Minecraft’s new moderation features have some players worried

Moderation is essential in any digital space to avoid trolls and miscreants, but some players are worried about Minecraft's approach to it

Minecraft co-op speedrun: A group of Minecraft characters and animals on a mountaintop

Minecraft is a place for players to express themselves in many different ways. You can play using the space as a Dungeons & Dragons map, choose to recreate your favourite games, or just hang out with friends. It’s probably because of this that the new moderation tools have some people worried.

Let’s be clear about this: moderation tools are pretty much essential on the internet because you literally can’t trust people not to be the absolute worst if given the chance. However, they also have to work, and a few Redditors have posted their thoughts on things, and frankly, they’re not impressed at all. Probably the most in-depth post on the matter comes from JewelTK, who put a video up to talk about it from their perspective as someone that hosts a few servers.

The video contains some harsh language, so be aware of that if you’re going to watch it in full, but there’s a warning at the beginning about it. While the specifics of their worries are more nuanced, you can generally break down the issues into two parts. The first is that it’s possible to abuse the system to get people banned who shouldn’t be, specifically in retaliation for being banned from a server. The other is that players have different boundaries for what they think is and isn’t acceptable, and different communities already have their own rules in place. Having everything judged by people who don’t understand could lead to bannings that seem unfair.

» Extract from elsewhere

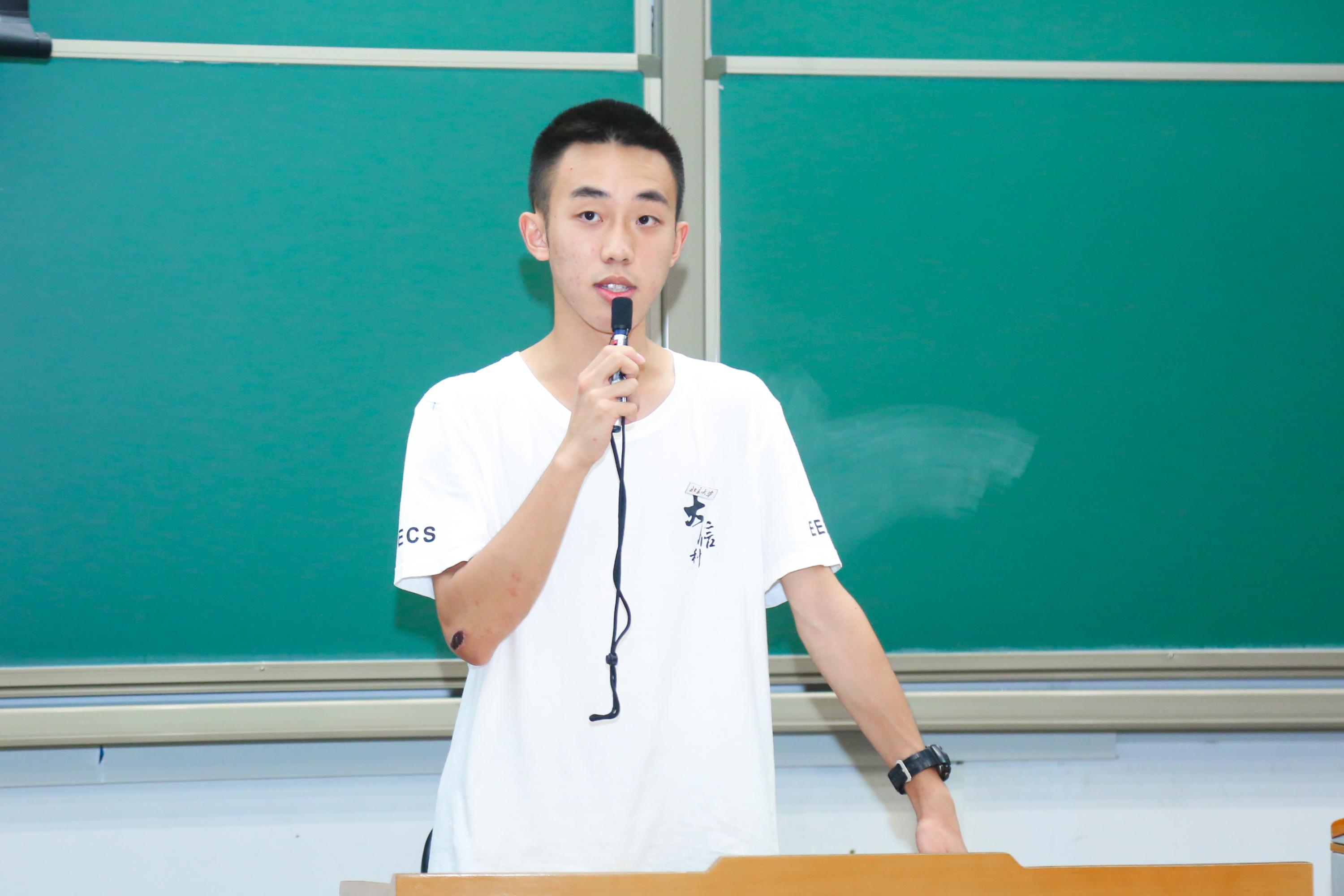 学生会主席、2019级本科生朱天翔同学作为老生代表,向新生们分享了自己的学习生活经验。他强调,进入评价体系多元化的大学,大家需要转变观念,和别人比较的大学生涯将是痛苦、盲目、浮躁而无意义的,真正需要比较的只有自己和自己的期望与目标。他鼓励新生们按照自己的计划和节奏,选择自己内心热爱的事情去尝试,特别是理工科同学应该尝试接触一些音乐、艺术、历史等人文素养方面的课程,在学好专业课的前提下,利用通识教育资源培养一个受益终身的爱好,也是北大作为底蕴深厚的综合性大学给予同学们最为有价值的馈赠之一。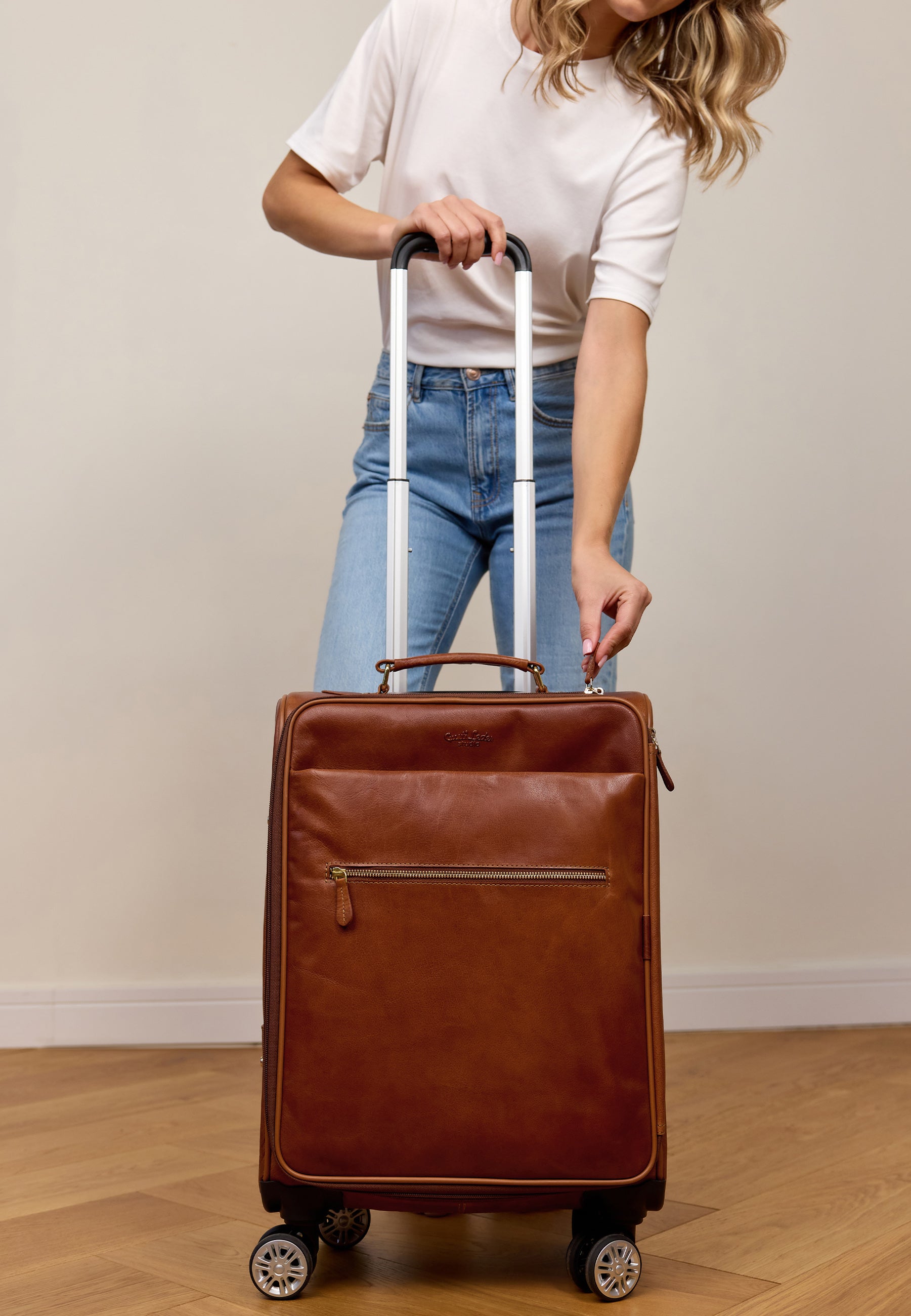 Trolley da viaggio in pelle marrone "Asia" per donne e uomini

Java chat reporting from the perspective of a server host from Minecraft

Redditor Quillka has suggested that these specific reporting tools should be limited to official Microsoft Realms, mostly for the same reasons as above. They argue that “It cannot be expected that the entirety of Minecraft’s player base that consists of those of all ages will conform to being perfectly kid-friendly.” It’s easy to see their point. While profanity filters help children stay safe in global chats, in smaller and more managed communities, groups of adults talking to each other shouldn’t have to worry about swearing. In less well-rounded arguments, there’s also a big old bit of “propaganda” from Popbobsnob, because Minecraft is all about creativity.